Латышев повернулся и увидел прямо перед собой ее глаза: огромные черные зрачки и тонкая лучистая радужка вокруг. Двойное солнечное затмение. Наверное, что-то промелькнуло в лице Латышева, потому что девушка высвободила ступни из его ладони, отстранилась и проговорила огорченно:
– Нет, и совсем я не сумасшедшая. Но если бы ты знал, если бы знал…
Он, как вчера, подхватил девушку, положил на себя. Некоторое время она лежала неподвижно, а потом обхватила его, как вчера, руками и ногами и рассмеялась:
– Вот так-то лучше, правда? И к черту эти дурацкие разговоры.
Через час они сидели на полу, возле низкого журнального столика, и ужинали. Скатертью служила пестрая цыганская шаль, которую девушка после недолгих поисков извлекла из недр своего шкафа. Оттуда же были добыты узенькие бриджи и полосатая трикотажная кофточка с большим остроугольным вырезом, открывающим плечи и спину. Волосы она скрутила свободным узлом на затылке и проткнула двумя тонко расписанными деревянными палочками. И снова стала похожа на героиню какого-то старого фильма.

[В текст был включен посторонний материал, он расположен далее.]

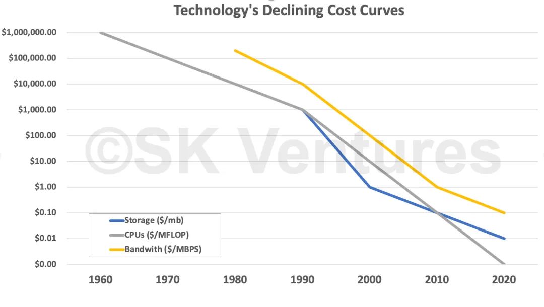 这种情况在技术领域已经发生过很多次,因为技术的各种核心组件随着能力(或存储或带宽等)的增加而导致成本曲线的下降。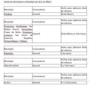 HUIXQUILUCAN DE DEGOLLADO, México.- Este lunes 28 de febrero se realizará la aplicación de las segundas dosis contra covid-19 a los...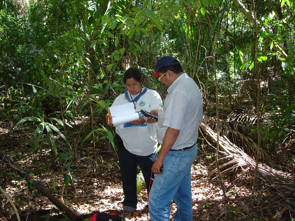 At each IFRI study site, the scientists establish plots where they collect data on forest conditions. "To determine where we will do our forest plots, we take a map of the community forest and overlay a grid on it," explains Emily Etue, Assistant Program Officer for The Center for People in Forests in Bangkok, a nonprofit organization using IFRI data collection to set up long-term monitoring and evaluation sites in several southeast Asian countries. "Using a random numbers table we choose 30 plots that fall within the community forest area."

Латышеву, удивленному использованием непонятных предметов, она пояснила:
– Палочки из японского ресторана. Нетривиально и удобно. Вуаля! – Она оттянула мизинцами и без того слегка приподнятые уголки глаз, потом сложила перед собой ладони, поклонилась почтительно Латышеву и опустилась на колени. – Ну, чем не мадам Баттерфляй? Нет ничего лучше хорошей мелодрамы! А это что такое? – она указала на запакованные в бумагу хризантемы, ловко поднялась с колен и стала разворачивать сверток. Сняла плотную верхнюю бумагу, зашуршала целлофаном, ахнула: – Ну, что я говорила! – Девушка достала из прически палочку и протянула Латышеву. Верхняя часть темной лакированной поверхности была покрыта бледно-розовыми и бледно-сиреневыми хризантемами. – Но это… – Зажмурившись, она несколько раз с наслаждением провела лицом по букету. – Подумать только! Такие холодные, горькие и такие чувственные цветы! Невероятно! – Она поставила в пустой графин четыре цветка, а пятый, запустив пальцы в бледный нежный испод, начала медленно, получая удовольствие, разминать. – Я никогда не наливаю цветам воду. Зачем продлевать мученья, правда? Это было бы так жестоко по отношению к ним. Будут стоять, тучные, отяжелевшие, потом стебли покроются склизким налетом… – Серебристо-сиреневая живая мишура сыпалась на скатерть, на ковер, в бокалы с вином. – Скажи, а ты случайно не английский военный, явившийся, чтобы разбить сердце бедной девушки? – От выпитого вина глаза ее блестели и болтала она без умолку.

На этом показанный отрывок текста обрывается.